Earning a degree in the U.S. costs approximately $19,548 per year, according to The College Board.

However, for Plattsburgh State students trying to save up, they can access several tax deductions.

Students can claim tax breaks while still attending a university or when their loan bills start to arrive, according to an article in College USA Today.

PSUC lecturer of accounting Dean Steria said students should understand that if they get a tax break, it’s the government giving out money. It’s money they’ve been paying all year.

“When people get their weekly paycheck, a federal income tax is withheld,” he said. “At the end of the year, when they file their return, it basically matches everything up. And if people get a refund, that means they’ve overpaid during the year.”

Steria said people have misconceptions about tax breaks. He said he has adults who tell him the government is giving them money back.

“You’ve been letting the government use your money all year interest free,” he said.

Steria said, for this reason, students should reduce federal withholding and students should also set up an automatic deduction in their savings account. He also said they might get a large refund and feel inclined to go spend it, but he encouraged students to save their money.

“Especially if they’re taking out student loans. They can take that money and turn it around and put it back into those loans so they don’t owe as much,” he said. “Because, again, when you borrow the money, interest is accruing.”

Steria said there are specific tax credits students have for tuition.

PSUC sophomore accounting major John Cardullo said the American Opportunity Tax Credit is a great break for students.

The American Opportunity Tax Credit is a dollar for dollar credit up to $2,500. That means for every dollar a person pays in tuition, students can wipe out one dollar in taxes, according to the College USA Today article.

“I don’t have any loans or a job right now. It offsets the first four years of college so it just makes sense for me,” Cardullo said.

He also said he would use the money for his education.

“If it’s a $2,500 tax break, I would want to get a surface laptop because I need it for excell, and I would get a Lynda.com membership,” he said.

Lynda.com is an online video tutorial and training website for students looking to further their knowledge on various subjects, such as computer science or accounting with a yearly payment of $250.

While Cardullo liked the American Opportunity Tax Credit, PSUC sophomore business major Julissa Vera said she would invest in the Student Loan Interest Deduction.

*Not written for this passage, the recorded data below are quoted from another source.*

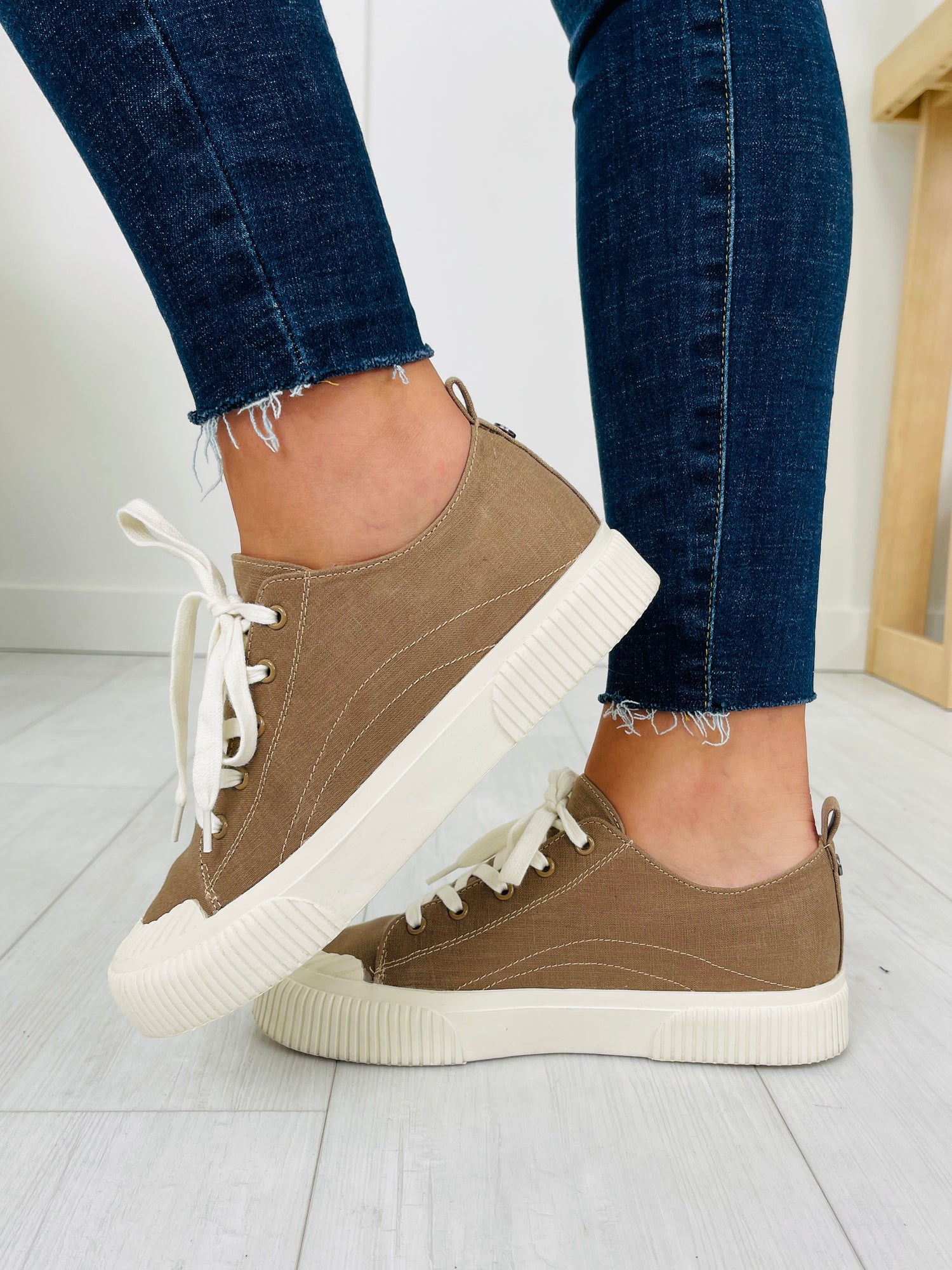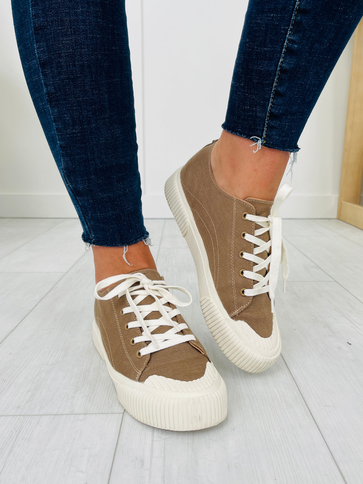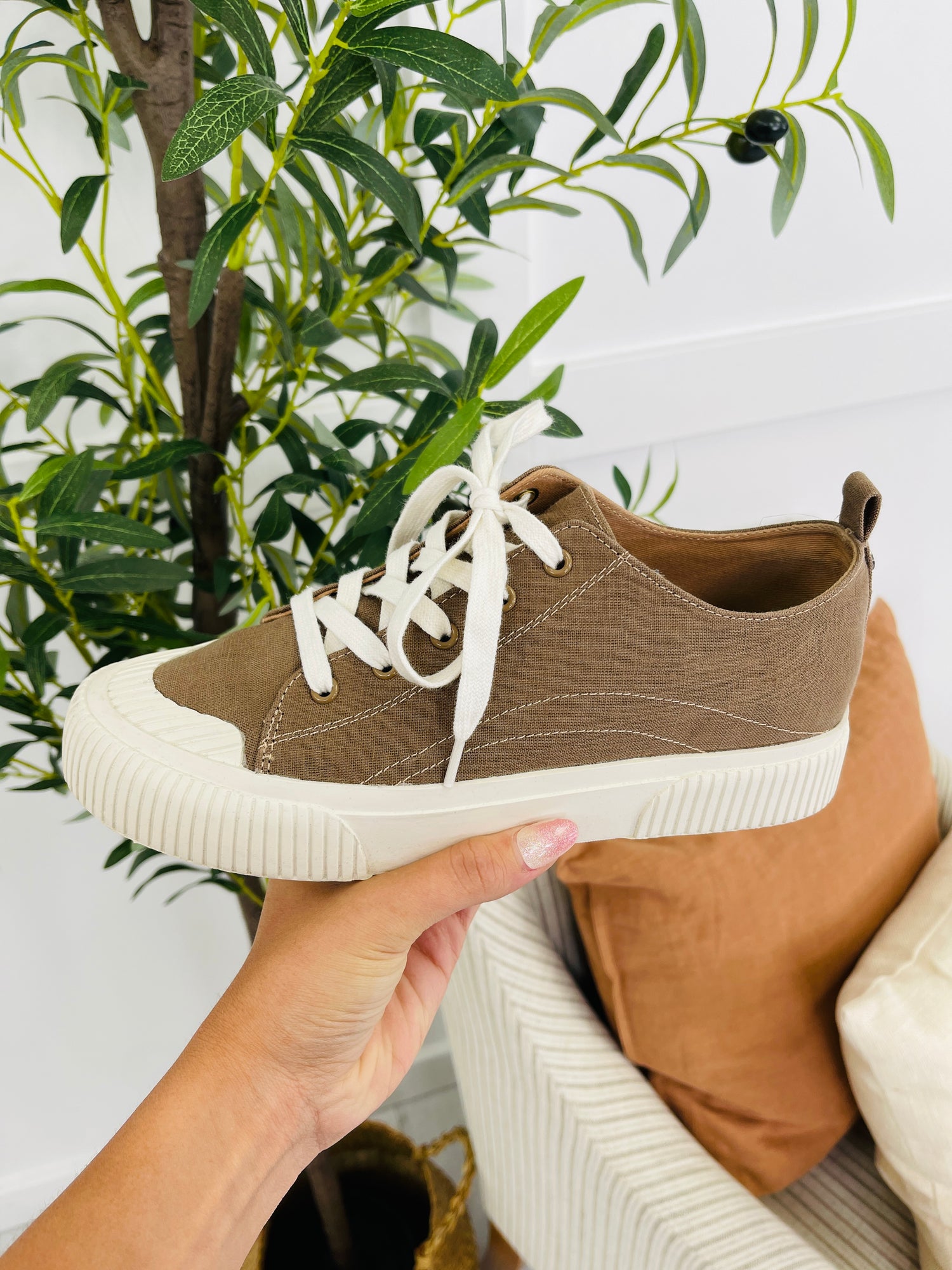 These lace-up sneakers blend sporty style with everyday comfort. The canvas-style upper offers a laid-back look, while the chunky rubber sole provides both height and comfort for all-day wear. The textured toe detailing adds a subtle pop of style, making them the perfect casual pair to pair with denim or dresses.
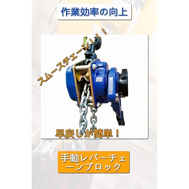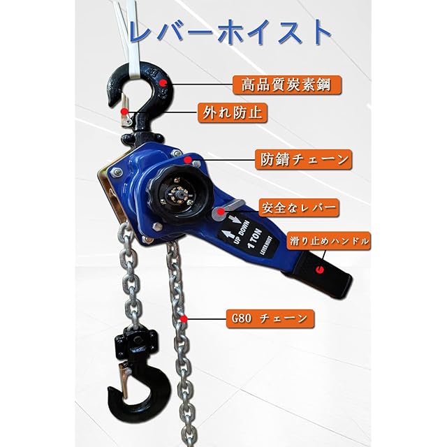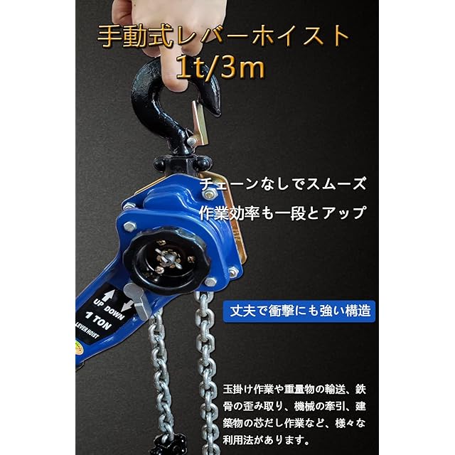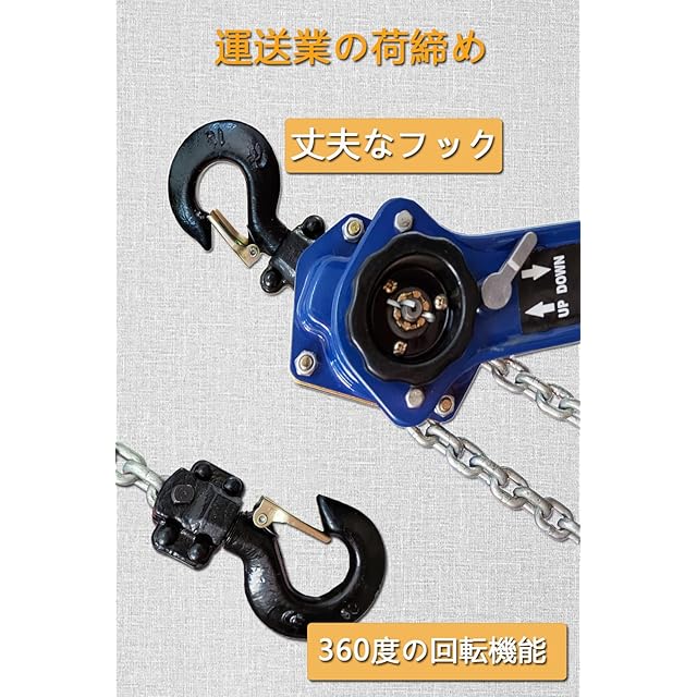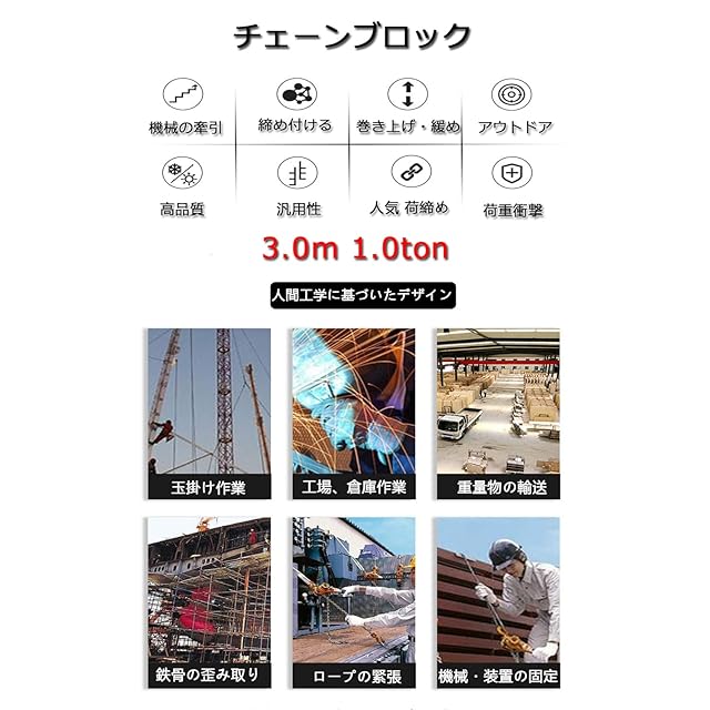 【耐荷重1000kg】チェーンはステンレス製の上に防さび加工を加え、錆びにくく耐久性があり、ワンタッチ遊転を採用し操作性をアップしました。定格荷重は1トン、標準揚程3mがある、チェーンは個人用としても業務用としても十分です。
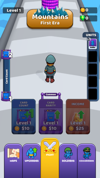 3. 借助收集卡牌,提高军官召集火柴人士兵的数量,并加快冷却速度。
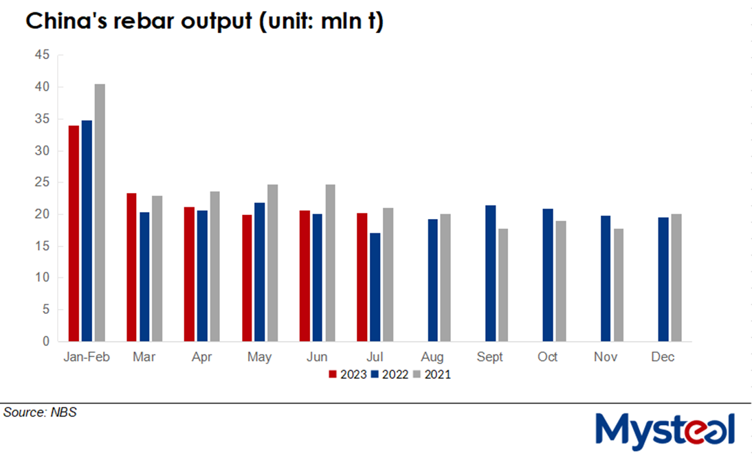 For July alone, China produced 20.2 million tonnes of rebar, jumping by 18.8% on year, mainly due to the low base in the same period last year, the NBS data showed.
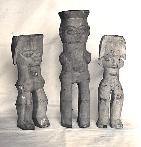 They told me the tall male figure (far left) is named "Ezealaogaku", or alternately "Ezealaogugo". They told me (quote), "These two (including the wife next to him) have got sons and daughters (gods and goddesses) who have become gods and goddesses of smaller areas." They said the shorter male figure (third from the left, third tallest) is "the prince, who will take the place of the Ezealaogaku", and therefore "his leg must not touch the ground until he takes over (?!)". "He sometimes demands things that his father does not like to give him, like having a beautiful girl sacrificed to him. This young one can cause much trouble by sending out the father's counselors to do his deeds. He can dry up the Mba River for two to three weeks until the priest can discover what is wrong."

“I feel like the tax break is fair for those who are independent,” she said. “If my income was less than $80,000, then I would get a deduction. I like that they would also deduct $2,500 in interest.”

Vera said if she took out a loan, then she would get a tax break but she said she’d use the money differently than Cardullo.

“I would want to use the money for a humanitarian cause. I’m a business major and I can always gain money, so I would donate it,” she said.

Vera said plenty of students don’t know much about taxes, and they should be more informed about their financial status.

“College students should educate themselves. It can help them if they’re in debt with money. I didn’t know about paying for tuition and the responsibility of paying off loans until I got to college.”

Steria also said that students might not be well-informed as well.

“So you have 18-, 19- and 20-year-olds, who haven’t filed income taxes very long, and it can be very confusing,” he said.

Steria said it’s very expensive to go to an accountant and that tax programs are hit or miss. Steria also said they have to consider what’s best for the individual student.

“Depending on whether they’re a dependent or not. It might be beneficial for the parent to take them instead of the student if the parents are helping out with tuition because they’re getting taxed at a higher rate so anytime you can reduce the amount that they’re getting taxed is going to be a bigger tax saving than if the student were to take them,” he said.

Steria said students should be aware that if they don’t file, they can get hit with substantial penalties even with refunds. He did say that if students don’t have all the pieces to file taxes, they can get an extension.

He said that the idea of a large refund might be nice at first, but students should know they’re giving money interest free to the government yearly.

“Try to do a projection for the next year. When you graduate and then you’re ready to get your first real job, and you start making decent money, you have to be careful that you have enough withheld,” he said.